After doing that, I fired up the originally failing Rmd and everything worked fine. ?

I don’t do the Clean Slate Protocol too often (we all get to for new R dot-releases) but it came in handy this time. If you run into errors when trying to get the new dplyr working, you may benefit from the Clean Slate Protocol as well.

If you haven’t seen the changes in 0.6.0/0.7.0 you should check them out and give it a go.

I’ve been doing intermittent prep work for a follow-up to an earlier post on store closings and came across this CNN Money “article” on it. Said “article” is a deliberately obfuscated or lazily crafted series of GIF images that contain all the Radio Shack impending store closings. It’s the most comprehensive list I’ve found, but the format is terrible and there’s no easy, in-browser way to download them all.
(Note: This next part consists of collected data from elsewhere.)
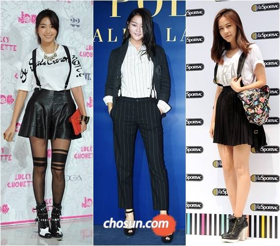 ‘씨스타’ 보라와 강승현은 각각 스커트와 팬츠에 서스펜더를 달아 위트 있는 룩을 보여줬다. 더불어 홍수현은 스커트에 멜빵을 붙인 서스펜더 스커트로 감각적인 캐주얼룩을 완성했다.
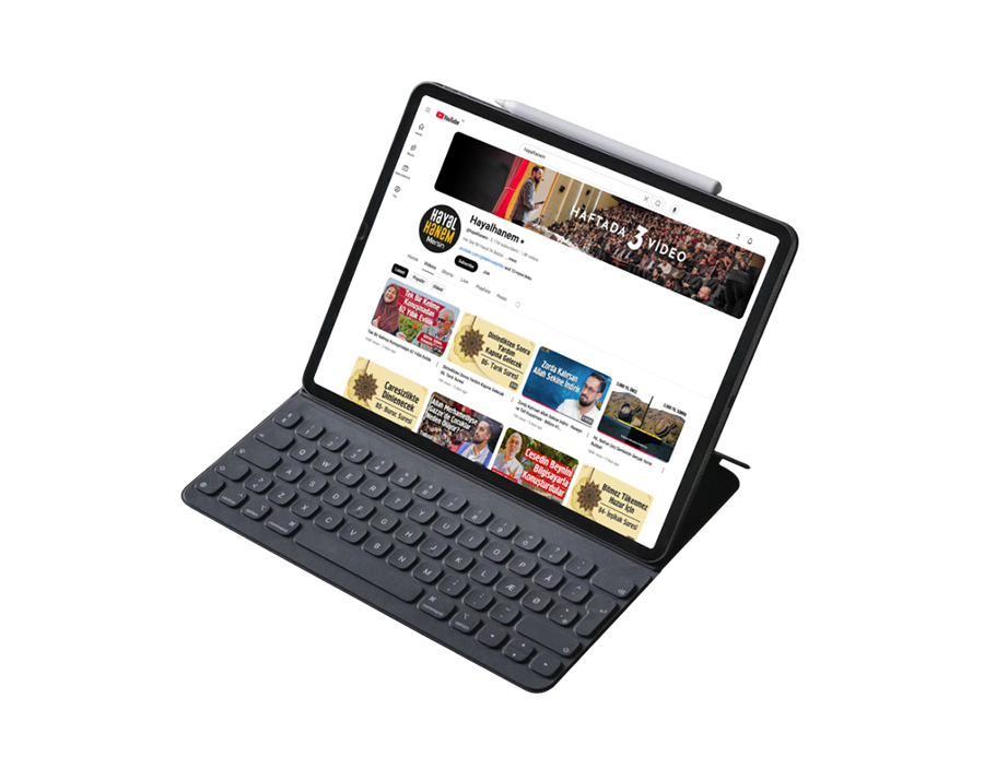 iPad Pro Mockup with Hayalhanem YouTube Channel on Screen, featuring Mehmet Yıldız content, transparent background.
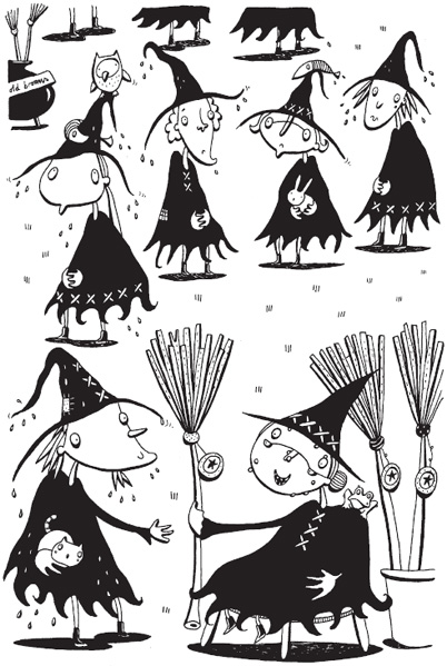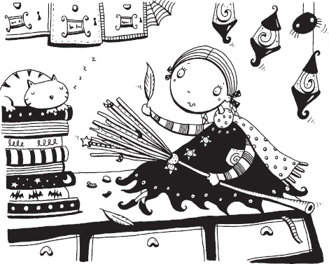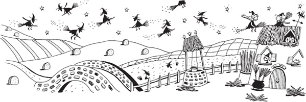 “My first broom,” she was saying, “the Walpurga Basic, had only eighteen twigs, me dears, but it’s still a cracker. But you might prefer this one, the Walpurga Special. It has a Cauldron Hook, an Adjustable Seatbelt for your mascot and a very useful Air Bag (for those unavoidable crash-landings). Or perhaps,” she cackled, “some of you zippier types would like the Walpurga High-flyer for some extra oomph on the Milky Way. Go on,” she said encouragingly, as she passed her brooms around, “have a whirl! Have a test drive! Ig-Fo-Li, that’s it. Ignition, Forward and Lift. Whoops! Re-Pa-De. Reverse, Pause, Descend. There you go!”

CNN has ToS that prevent automated data gathering from CNN-proper. But, they used Adobe Document Cloud for these images which has no similar restrictions from a quick glance at their ToS. That means you get an R⁶ post on how to grab the individual 38 images and combine them into one PDF. I did this all with the hopes of OCRing the text, which has not panned out too well since the image quality and font was likely deliberately set to make it hard to do precisely what I’m trying to do.

If you work through the example, you’ll get a feel for:

  • using sprintf() to take a template and build a vector of URLs
  • use dplyr progress bars
  • customize httr verb options to ensure you can get to content
  • use purrr to iterate through a process of turning raw image bytes into image content (via magick) and turn a list of images into a PDF
library(httr)
library(magick)
library(tidyverse)

url_template <- "https://assets.documentcloud.org/documents/1657793/pages/radioshack-convert-p%s-large.gif"
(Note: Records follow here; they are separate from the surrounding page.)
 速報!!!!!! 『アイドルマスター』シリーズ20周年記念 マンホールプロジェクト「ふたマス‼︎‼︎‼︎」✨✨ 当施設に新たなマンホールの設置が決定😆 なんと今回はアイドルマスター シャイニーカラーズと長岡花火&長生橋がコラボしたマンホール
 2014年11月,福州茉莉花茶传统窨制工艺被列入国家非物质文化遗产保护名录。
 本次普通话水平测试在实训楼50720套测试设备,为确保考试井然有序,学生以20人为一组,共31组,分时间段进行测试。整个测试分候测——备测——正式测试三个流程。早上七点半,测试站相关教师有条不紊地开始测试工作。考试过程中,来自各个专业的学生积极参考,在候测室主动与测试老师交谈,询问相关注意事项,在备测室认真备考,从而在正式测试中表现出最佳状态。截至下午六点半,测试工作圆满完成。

pb <- progress_estimated(38)

sprintf(url_template, 1:38) %>% 
  map(~{
    pb$tick()$print()
    GET(url = .x, 
        add_headers(
          accept = "image/webp,image/apng,image/*,*/*;q=0.8", 
          referer = "http://money.cnn.com/interactive/technology/radio-shack-closure-list/index.html", 
          authority = "assets.documentcloud.org"))    
  }) -> store_list_pages

map(store_list_pages, content) %>% 
  map(image_read) %>% 
  reduce(image_join) %>% 
  image_write("combined_pages.pdf", format = "pdf")

I figured out the Document Cloud links and necessary httr::GET() options by using Chrome Developer Tools and my curlconverter package.

If any academic-y folks have a test subjectsummer intern with a free hour and would be willing to have them transcribe this list and stick it on GitHub, you’d have my eternal thanks.